Uranium Isotope Evidence for Temporary Ocean Oxygenation Following the Sturtian Glaciation

Abstract:

The link between widespread ocean oxygenation in the Neoproterozoic and the rise of animals has long been debated, largely because the timing and nature of oxygenation of the oceans remain poorly constrained. Strata deposited during the Cryogenian non-glacial interlude (660 to 635 Ma), between the Sturtian and Marinoan Snowball Earth glaciations, contain the earliest fossil evidence of animals. To quantitatively estimate patterns of seafloor oxygenation during this critical interval, we present uranium isotope (δ²³⁸U) data from limestone of the Taishir Formation (Fm) in Mongolia in two stratigraphic sections that are separated by ~75 km across the basin.

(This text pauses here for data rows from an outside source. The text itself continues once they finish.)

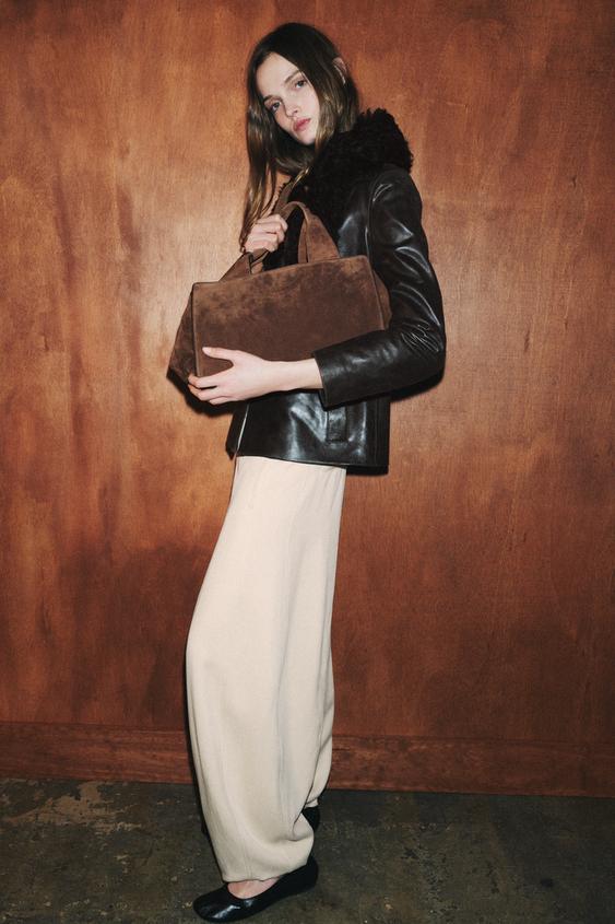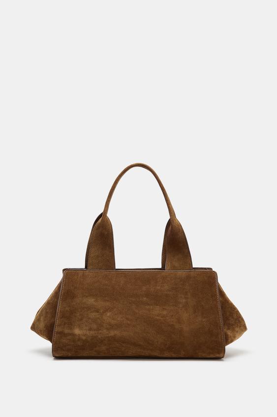 ZARA ЗАМШЕВАЯ СУМКА С ДВОЙНОЙ РУЧКОЙ, КОНЬЯЧНО-КОРИЧНЕВЫЙ
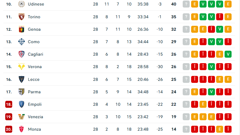 După 28 de etape disputate în campionat, Parma se află pe locul 17, deasupra liniei roșii, însă la diferență mică față de ultimele trei clasate.
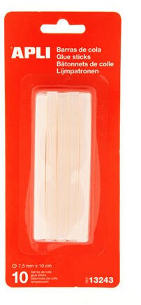 Ragasztó stick, APLI, 7,5 mm x 10 cm A leghatékonyabb és legprofibb kiegészítő dekorációs és kreatív munkákhoz. -tartalék ragasztórudak: 10db/bliszter -méret: 7,5 mm x 10 cm -átlátszó -kompatibilis a 7,5 mm átmérőjű rudakhoz való legtöbb ragasztópisztollyal (javasolt típus: LCA16668) -összetétele pontos és tiszta használatot biztosít -forró olvadékos, nem csepegő -
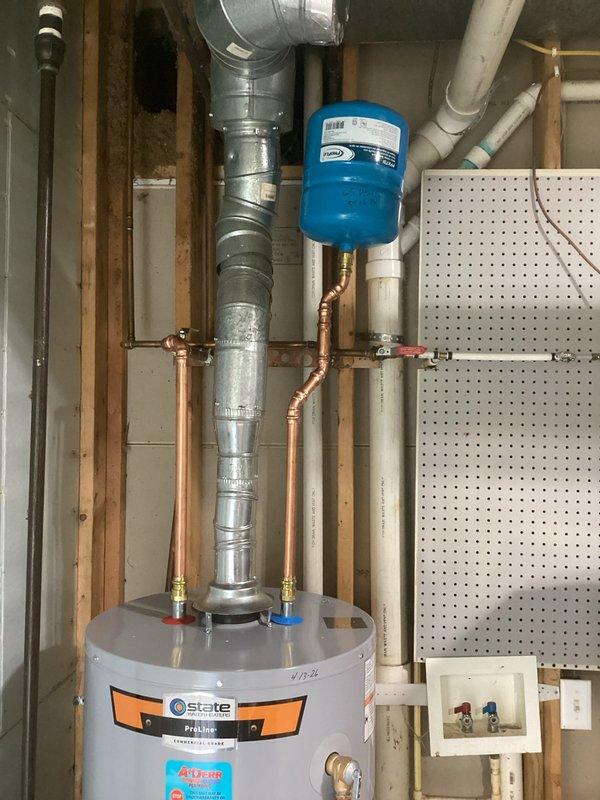 Completed installation of 50-gallon gas tall water heater (57 1/4" height x 22" width) in residential utility room with all required connections, shut-off valves, and pressure tank integration using copper piping and brass fittings. Additionally installed new outdoor spigot with dedicated waterline connected to existing drain system via pro-press copper connections, including new shut-off valve at spigot location and proper removal and disposal of old spigot. All plumbing connections tested and verified operational with no leaks detected.
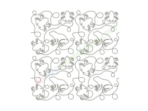 Frog quilting embroidery design. Ideal for edge-to-edge (E2E) machine quilting or individual quilting blocks.
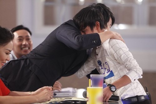 Nhạc sĩ Thanh Bùi trao tấm vé vàng vào vòng trong cho chàng "hot boy bán kẹo" Vĩnh Phúc. |

The Taishir Fm hosts two large δ¹³C excursions that co-vary in total organic and inorganic (carbonate) carbon: a basal carbonate δ¹³C excursion to -4‰ in the Sturtian cap carbonate, followed by a rise to enriched values of +8‰, a second negative δ¹³C excursion to -7‰ referred to as the Taishir excursion, followed by a second rise to +10‰. Above the Sturtian glacial deposits, in the stratigraphic interval below the Taishir excursion, δ²³⁸U compositions have a mean value that is similar to that of modern seawater. After the Taishir excursion, the δ²³⁸U record exhibits a step decrease of ~0.3‰, and δ²³⁸U remains approximately constant until the erosional unconformity at the base of the Marinoan glacial deposits. We use a box model to constrain the uranium cycle behavior that best explains our observations. In the model, the best explanation for the less negative post-Sturtian values of δ²³⁸U is extensive oxygenation of the seafloor. Moreover, the model demonstrates that the higher δ²³⁸U values of the post-Sturtian limestones are inconsistent with an increased flux of uranium to the oceans due to post-Snowball weathering as the primary driver of the excursion. Thus, we favor a scenario in which there was a rise in oxygen levels following the Sturtian glaciation followed by a decrease in seafloor oxygenation coincident with the Taishir δ¹³C excursion. The U isotopic data, combined with modeling results, challenge the notion of a unidirectional oxygenation history of Neoproterozoic oceans.